A Facilitator’s Reflection: Leadership Training in Cuenca, Ecuador

Nonprofit leaders gather together at 5-day Leadership Training hosted by the Hearts of Gold Foundation and Facilitated by the Libre Foundation, May 2017.

The following post is written by Francesco Melita after his facilitation of a Leadership & Communication Training on behalf of the Libre Foundation. The training took place at the Universidad de Cuenca May 2-6, 2017, and will take place again in April 2018 with a new 5-day training with new nonprofit leaders, as well as a 2-day follow up with previous 2017 participants. This article was originally published on the Libre Foundation website.

Ecuador is literally a paradise on earth. It has everything you could wish for: beautiful beaches, fantastic mountains (the Andes) with impressive volcanoes and the Amazon. But especially: the people are very friendly and helpful. You feel welcome every moment.

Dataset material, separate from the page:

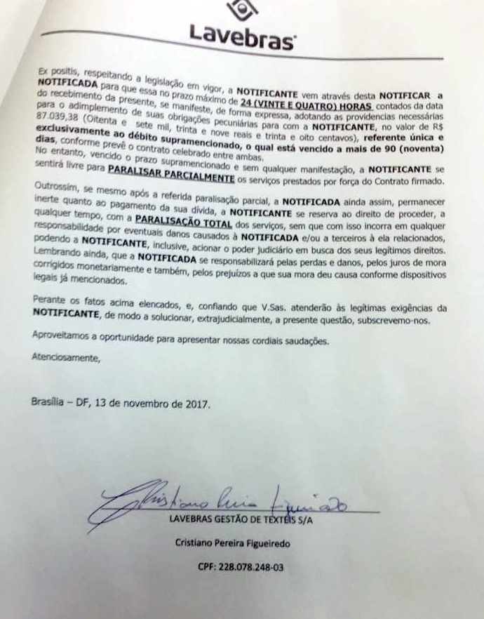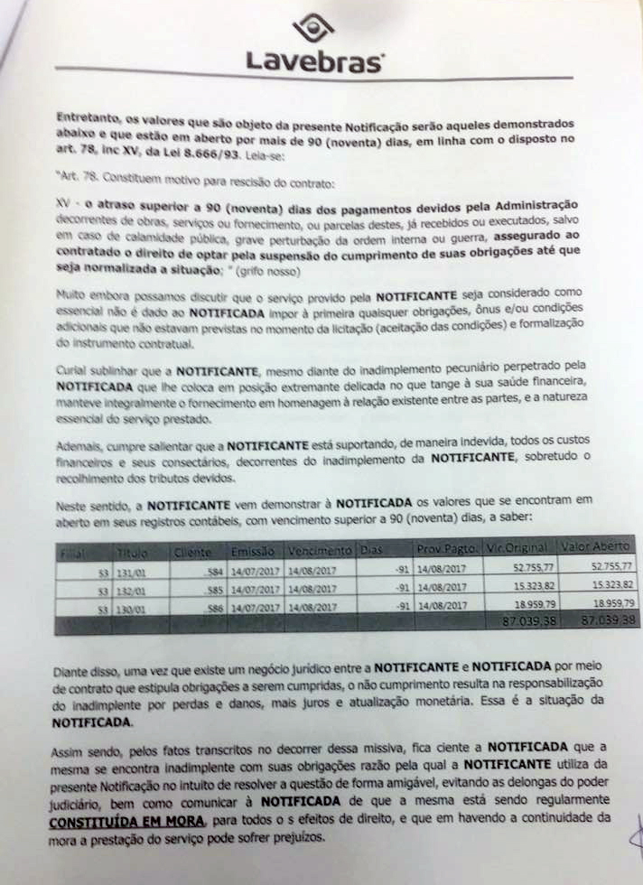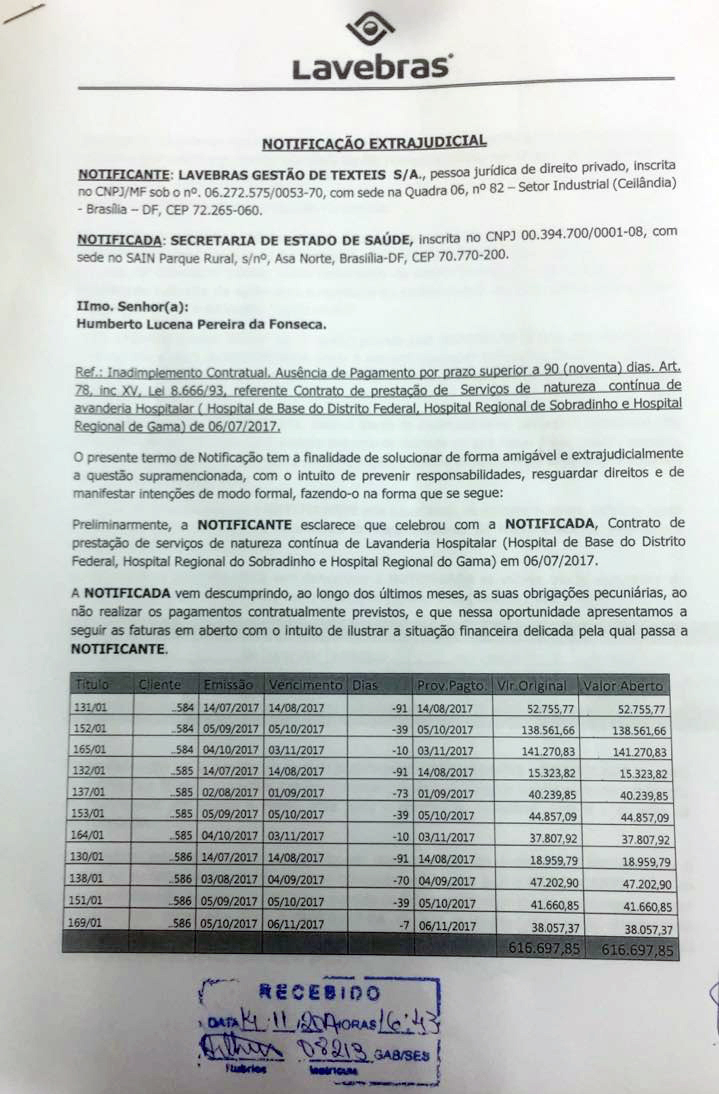 Ao Política Distrital (PD) a assessoria de comunicação da Laverbras encaminhou cópia da notificação Extrajudicial, com data de recebimento pela SES-DF, de 14 de novembro. No documento a empresa apresenta planilha com montante contratado, cerca de R$ 617 mil, as faturas em aberto que totalizam os R$ 87 mil devidos, além de quantificar os dias em atraso, até aquele momento.

On the other hand, unemployment is very high and 50% of the population live below the poverty line. It is not uncommon for people in Ecuador to have two jobs at the same time. For example, a taxi driver or shop owner works 7 days a week and 12 hours a day. The minimum wage is $ 8.39 per day, while the prices of many commodities since the dollarisation a few years ago are at western level.

Janneke Bruil, a Dutch employee from an NGO in Ecuador and experienced facilitator, had to my great joy offered to give me the training. She had found someone from a local organization (Hearts of Gold Foundation), which had a very extensive network among local NGOs, to act as Local Project Cordinator (LPC). The Hearts od Gold Foundation seemed to have arranged everything in detail: Janneke and I were housed in the center of Cuenca (city in the south of the country where the training was held), in a clean hotel with excellent food, and 15 minutes walking distance from the University, where we could have a classroom free of charge. The classroom was equipped with 3 large writing boards, a beamer and wifi. On the first day someone from the technical department of the university came to arrange access to the wifi on our laptops. I had never experienced it before!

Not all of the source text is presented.